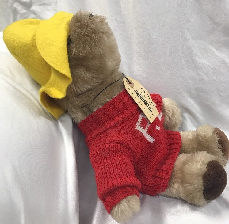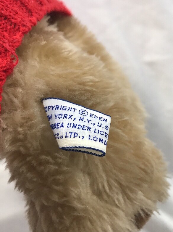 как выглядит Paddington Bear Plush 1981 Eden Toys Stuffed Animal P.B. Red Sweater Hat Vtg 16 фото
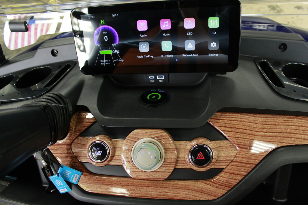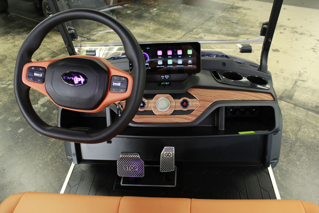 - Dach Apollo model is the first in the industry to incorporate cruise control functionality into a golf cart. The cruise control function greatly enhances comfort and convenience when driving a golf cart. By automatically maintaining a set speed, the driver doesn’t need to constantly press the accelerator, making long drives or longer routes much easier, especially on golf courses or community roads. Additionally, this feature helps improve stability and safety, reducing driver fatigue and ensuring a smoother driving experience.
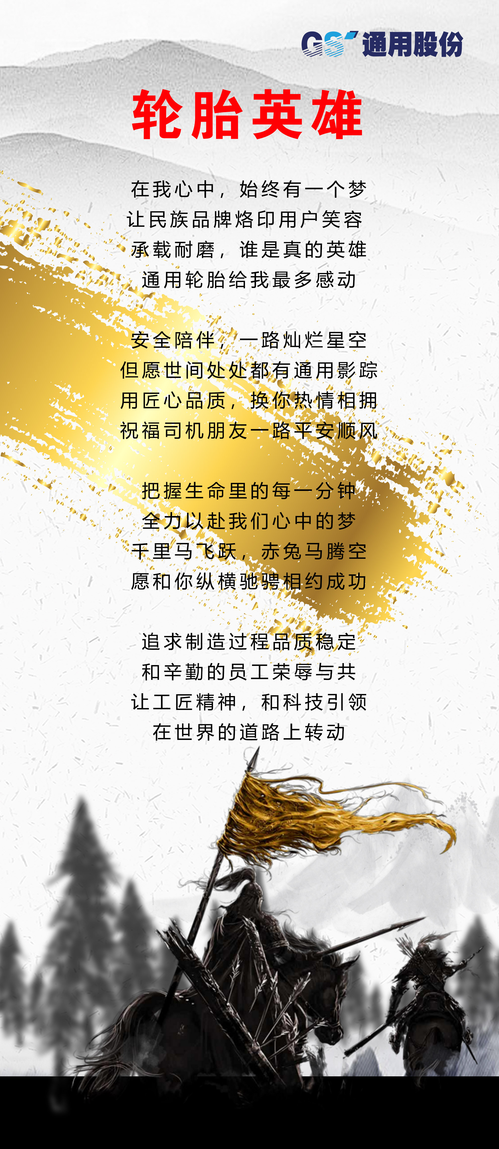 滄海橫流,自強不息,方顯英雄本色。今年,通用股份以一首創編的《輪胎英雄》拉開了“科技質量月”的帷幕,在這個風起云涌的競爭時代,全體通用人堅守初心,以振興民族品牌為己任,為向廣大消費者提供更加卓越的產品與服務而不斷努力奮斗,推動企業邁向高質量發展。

◆ WHAT TO PRODUCE
Any picture found in the data is to be skipped while the rest is copied exactly.

◆ RESPONSE AREA
 как выглядит Paddington Bear Plush 1981 Eden Toys Stuffed Animal P.B. Red Sweater Hat Vtg 16 фото
 - Dach Apollo model is the first in the industry to incorporate cruise control functionality into a golf cart. The cruise control function greatly enhances comfort and convenience when driving a golf cart. By automatically maintaining a set speed, the driver doesn’t need to constantly press the accelerator, making long drives or longer routes much easier, especially on golf courses or community roads. Additionally, this feature helps improve stability and safety, reducing driver fatigue and ensuring a smoother driving experience.
 滄海橫流,自強不息,方顯英雄本色。今年,通用股份以一首創編的《輪胎英雄》拉開了“科技質量月”的帷幕,在這個風起云涌的競爭時代,全體通用人堅守初心,以振興民族品牌為己任,為向廣大消費者提供更加卓越的產品與服務而不斷努力奮斗,推動企業邁向高質量發展。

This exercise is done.